§ Task material
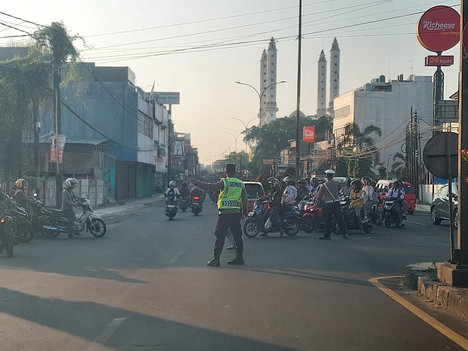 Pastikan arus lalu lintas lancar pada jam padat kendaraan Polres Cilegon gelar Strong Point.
==
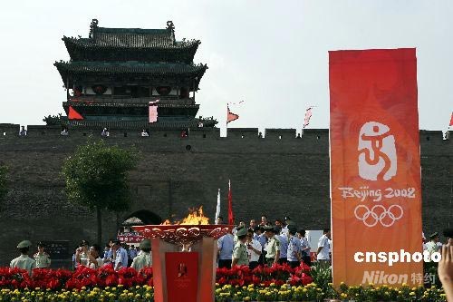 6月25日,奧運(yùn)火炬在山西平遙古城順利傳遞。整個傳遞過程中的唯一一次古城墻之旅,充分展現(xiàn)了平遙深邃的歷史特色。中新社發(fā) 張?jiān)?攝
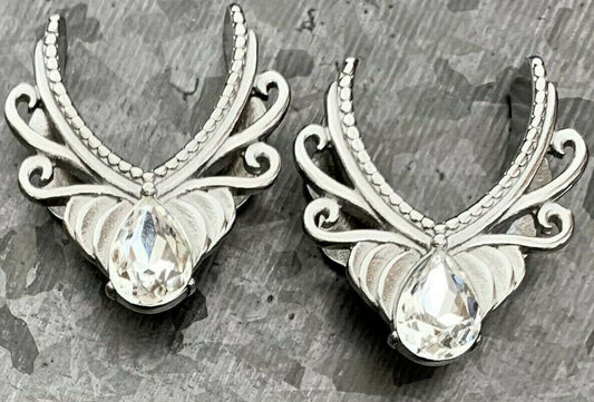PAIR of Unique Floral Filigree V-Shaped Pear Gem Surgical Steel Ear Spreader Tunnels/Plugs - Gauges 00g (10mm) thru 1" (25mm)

§ What you will do
For this exercise, reproduce exactly the lines of the records above from the one with "6月25日,奧運(yùn)火" up to and including the one with "PAIR of Unique", without pictures.

§ Exercise response
 6月25日,奧運(yùn)火炬在山西平遙古城順利傳遞。整個傳遞過程中的唯一一次古城墻之旅,充分展現(xiàn)了平遙深邃的歷史特色。中新社發(fā) 張?jiān)?攝
PAIR of Unique Floral Filigree V-Shaped Pear Gem Surgical Steel Ear Spreader Tunnels/Plugs - Gauges 00g (10mm) thru 1" (25mm)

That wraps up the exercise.